╭─ SUPPLIED RECORDS

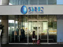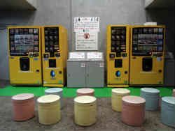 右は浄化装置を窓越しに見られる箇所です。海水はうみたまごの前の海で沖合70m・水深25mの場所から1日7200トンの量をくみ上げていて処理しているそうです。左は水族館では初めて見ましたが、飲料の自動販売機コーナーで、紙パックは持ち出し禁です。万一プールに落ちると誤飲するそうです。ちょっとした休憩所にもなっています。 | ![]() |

╰─
╭─ SUPPLIED RECORDS

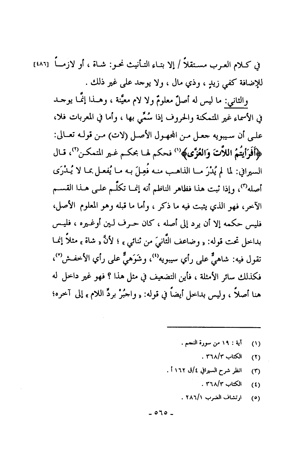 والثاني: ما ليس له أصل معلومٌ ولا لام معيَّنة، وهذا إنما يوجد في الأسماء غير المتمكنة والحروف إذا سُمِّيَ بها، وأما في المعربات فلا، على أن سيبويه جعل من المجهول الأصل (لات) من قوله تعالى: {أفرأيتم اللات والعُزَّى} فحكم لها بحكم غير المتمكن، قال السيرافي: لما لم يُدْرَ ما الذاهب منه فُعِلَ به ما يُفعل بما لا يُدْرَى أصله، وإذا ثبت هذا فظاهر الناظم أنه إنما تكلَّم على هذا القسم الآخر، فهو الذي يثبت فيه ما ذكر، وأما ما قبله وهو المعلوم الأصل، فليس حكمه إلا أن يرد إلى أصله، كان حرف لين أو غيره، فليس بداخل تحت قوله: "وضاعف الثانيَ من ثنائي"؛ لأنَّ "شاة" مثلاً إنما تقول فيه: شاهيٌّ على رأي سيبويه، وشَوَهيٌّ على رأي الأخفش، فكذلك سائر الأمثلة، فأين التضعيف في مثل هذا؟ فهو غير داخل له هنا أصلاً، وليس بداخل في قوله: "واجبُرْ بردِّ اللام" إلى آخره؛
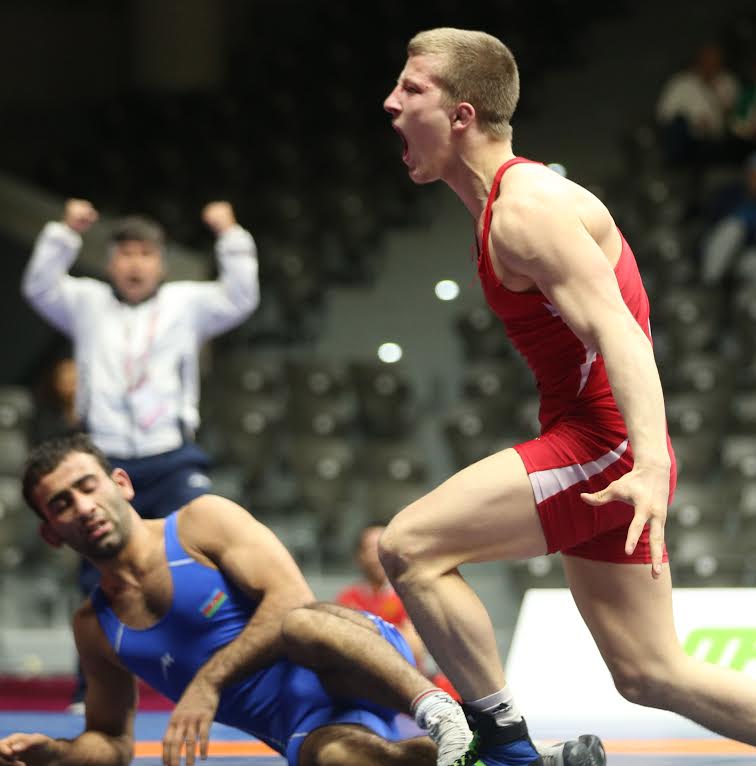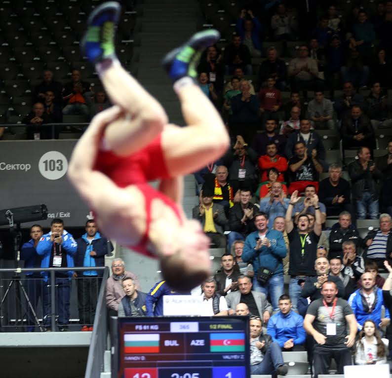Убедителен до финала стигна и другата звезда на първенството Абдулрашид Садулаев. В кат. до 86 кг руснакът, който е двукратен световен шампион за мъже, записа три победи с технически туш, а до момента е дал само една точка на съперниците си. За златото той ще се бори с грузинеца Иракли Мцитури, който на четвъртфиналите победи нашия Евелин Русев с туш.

╰─

Return exactly the lines that appear in the data above between the line containing "والثاني: ما ليس" and the line containing "Убедителен до финала", both of which are included, and leave the pictures out.

 والثاني: ما ليس له أصل معلومٌ ولا لام معيَّنة، وهذا إنما يوجد في الأسماء غير المتمكنة والحروف إذا سُمِّيَ بها، وأما في المعربات فلا، على أن سيبويه جعل من المجهول الأصل (لات) من قوله تعالى: {أفرأيتم اللات والعُزَّى} فحكم لها بحكم غير المتمكن، قال السيرافي: لما لم يُدْرَ ما الذاهب منه فُعِلَ به ما يُفعل بما لا يُدْرَى أصله، وإذا ثبت هذا فظاهر الناظم أنه إنما تكلَّم على هذا القسم الآخر، فهو الذي يثبت فيه ما ذكر، وأما ما قبله وهو المعلوم الأصل، فليس حكمه إلا أن يرد إلى أصله، كان حرف لين أو غيره، فليس بداخل تحت قوله: "وضاعف الثانيَ من ثنائي"؛ لأنَّ "شاة" مثلاً إنما تقول فيه: شاهيٌّ على رأي سيبويه، وشَوَهيٌّ على رأي الأخفش، فكذلك سائر الأمثلة، فأين التضعيف في مثل هذا؟ فهو غير داخل له هنا أصلاً، وليس بداخل في قوله: "واجبُرْ بردِّ اللام" إلى آخره؛
Убедителен до финала стигна и другата звезда на първенството Абдулрашид Садулаев. В кат. до 86 кг руснакът, който е двукратен световен шампион за мъже, записа три победи с технически туш, а до момента е дал само една точка на съперниците си. За златото той ще се бори с грузинеца Иракли Мцитури, който на четвъртфиналите победи нашия Евелин Русев с туш.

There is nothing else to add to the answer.